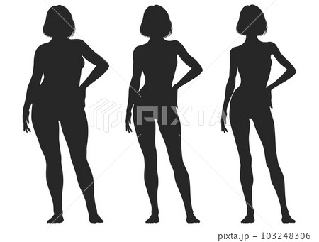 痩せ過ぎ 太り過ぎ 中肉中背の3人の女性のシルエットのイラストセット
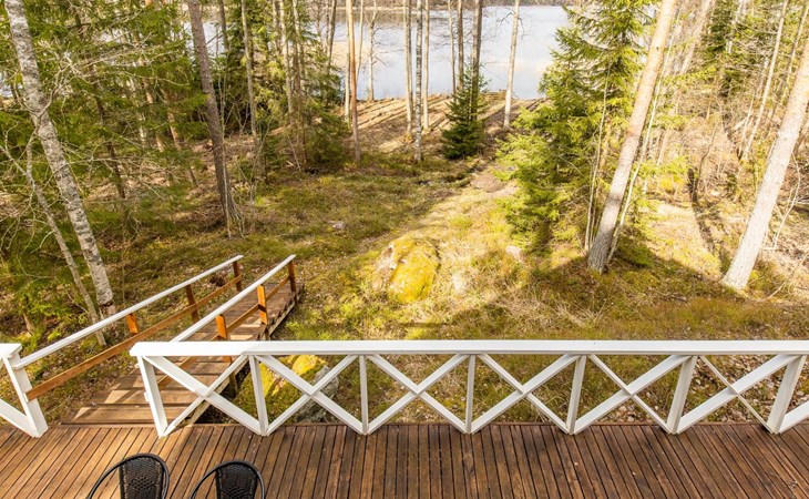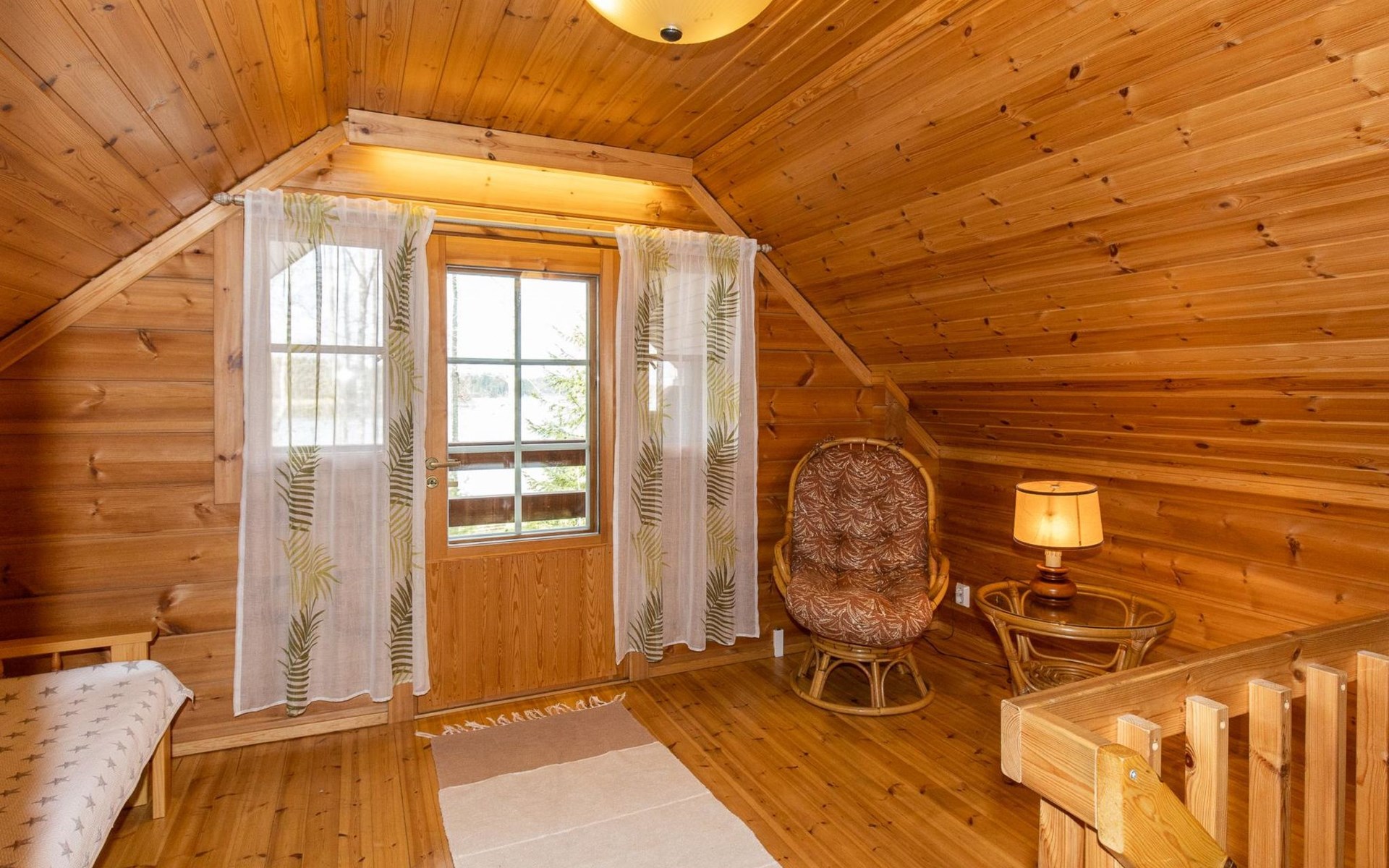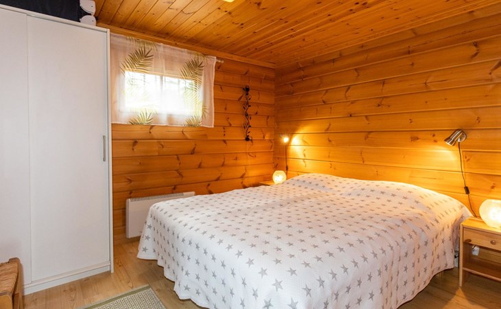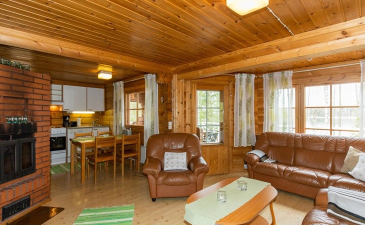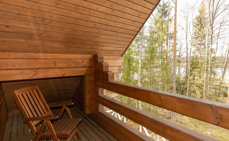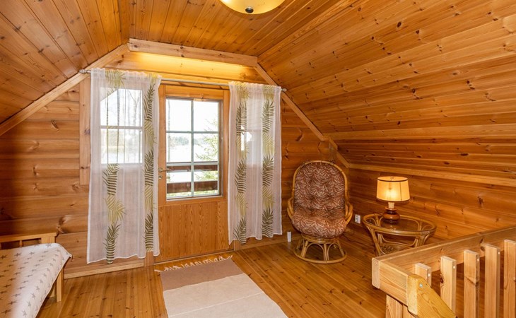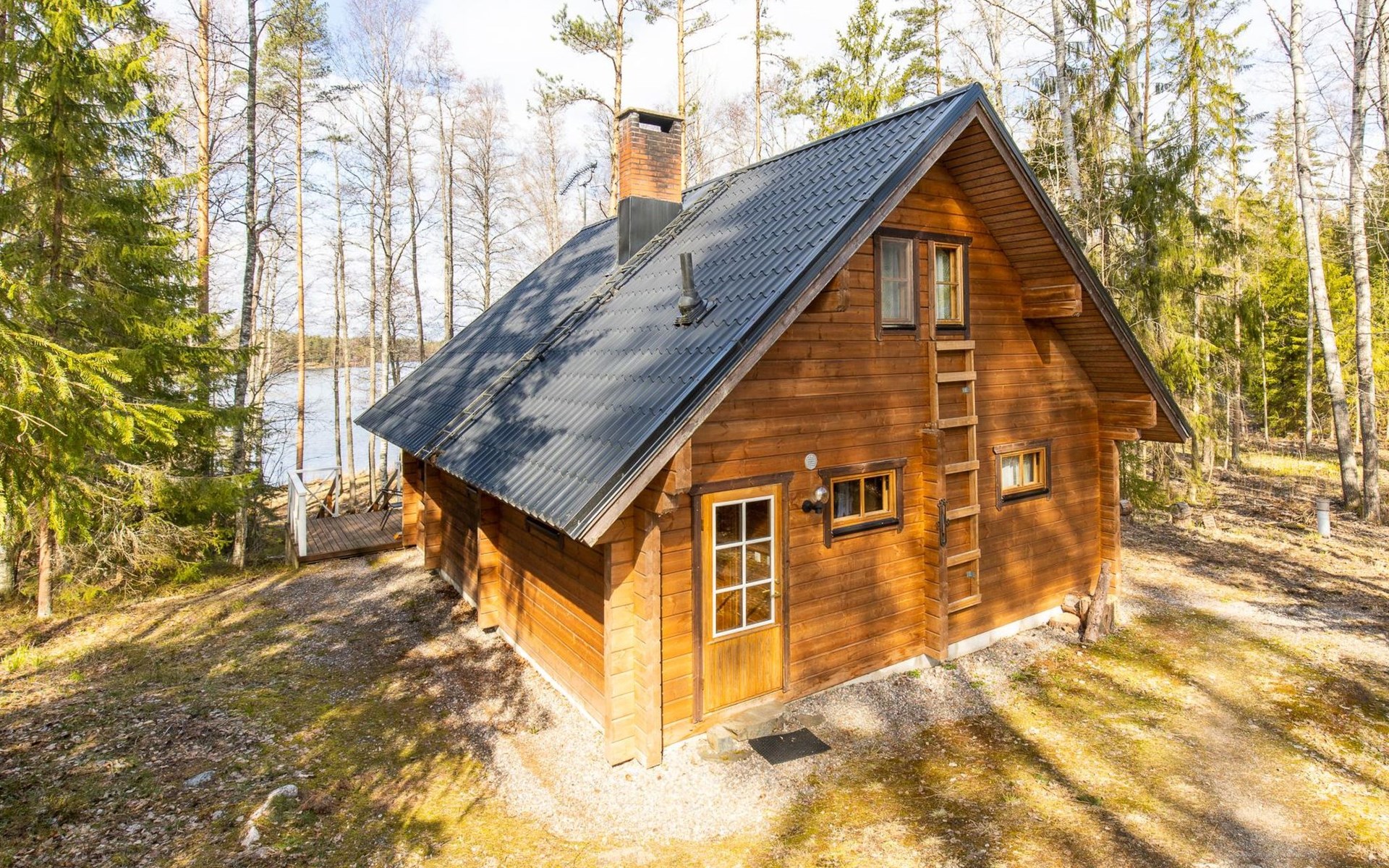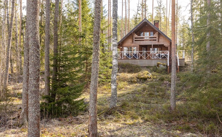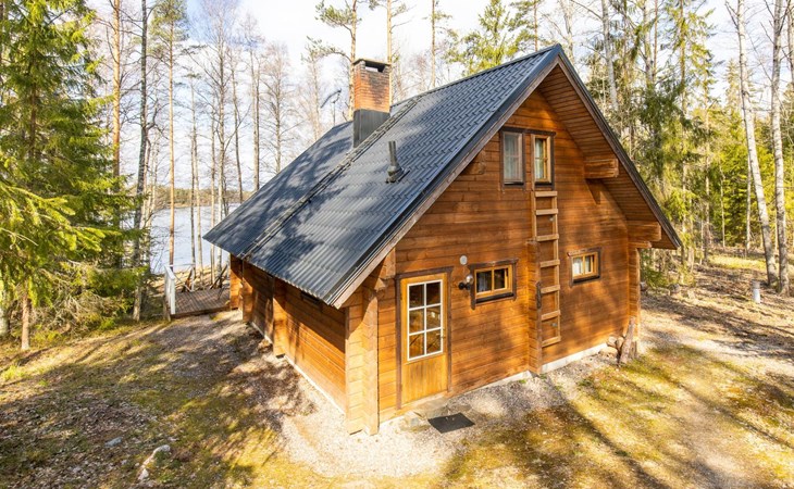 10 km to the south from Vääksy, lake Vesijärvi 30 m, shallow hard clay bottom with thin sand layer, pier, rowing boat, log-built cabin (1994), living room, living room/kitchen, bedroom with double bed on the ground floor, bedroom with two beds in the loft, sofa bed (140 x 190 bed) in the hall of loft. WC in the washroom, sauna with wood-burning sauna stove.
--
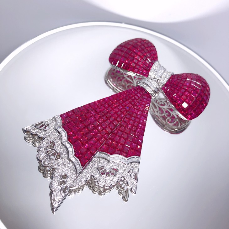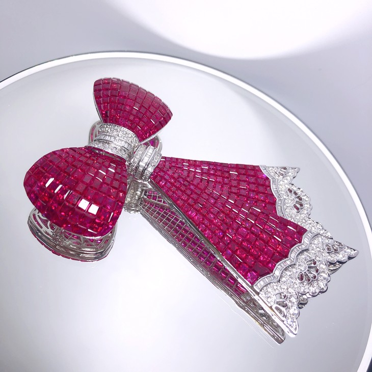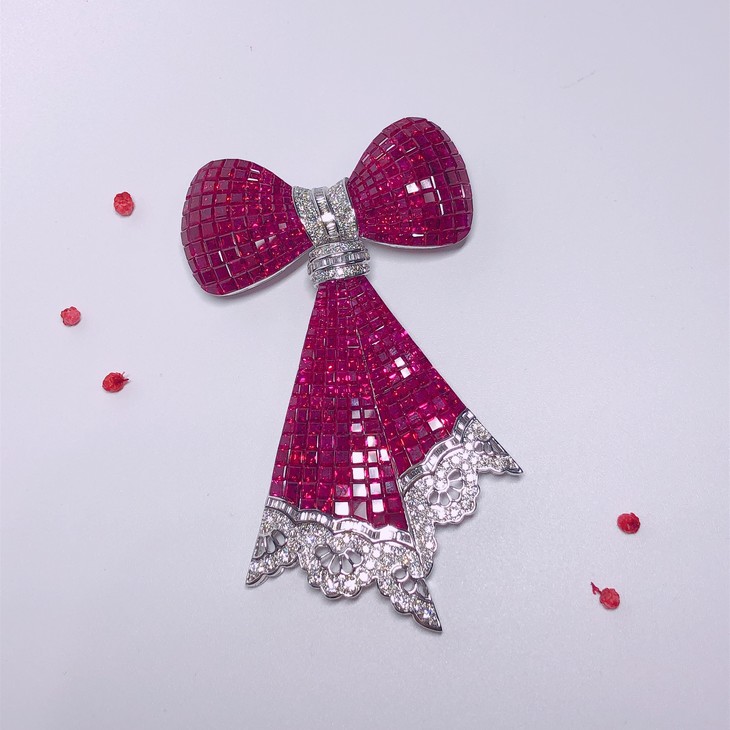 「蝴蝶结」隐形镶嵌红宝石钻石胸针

Your assignment - Nothing outside the stretch above, from the line with "痩せ過ぎ 太り過ぎ 中肉中背の3人の女性のシルエットのイラストセット" through the line with "10 km to the", is set down. Transcribe that stretch exactly, ends included, but not its pictures.

Answer space -
 痩せ過ぎ 太り過ぎ 中肉中背の3人の女性のシルエットのイラストセット
 10 km to the south from Vääksy, lake Vesijärvi 30 m, shallow hard clay bottom with thin sand layer, pier, rowing boat, log-built cabin (1994), living room, living room/kitchen, bedroom with double bed on the ground floor, bedroom with two beds in the loft, sofa bed (140 x 190 bed) in the hall of loft. WC in the washroom, sauna with wood-burning sauna stove.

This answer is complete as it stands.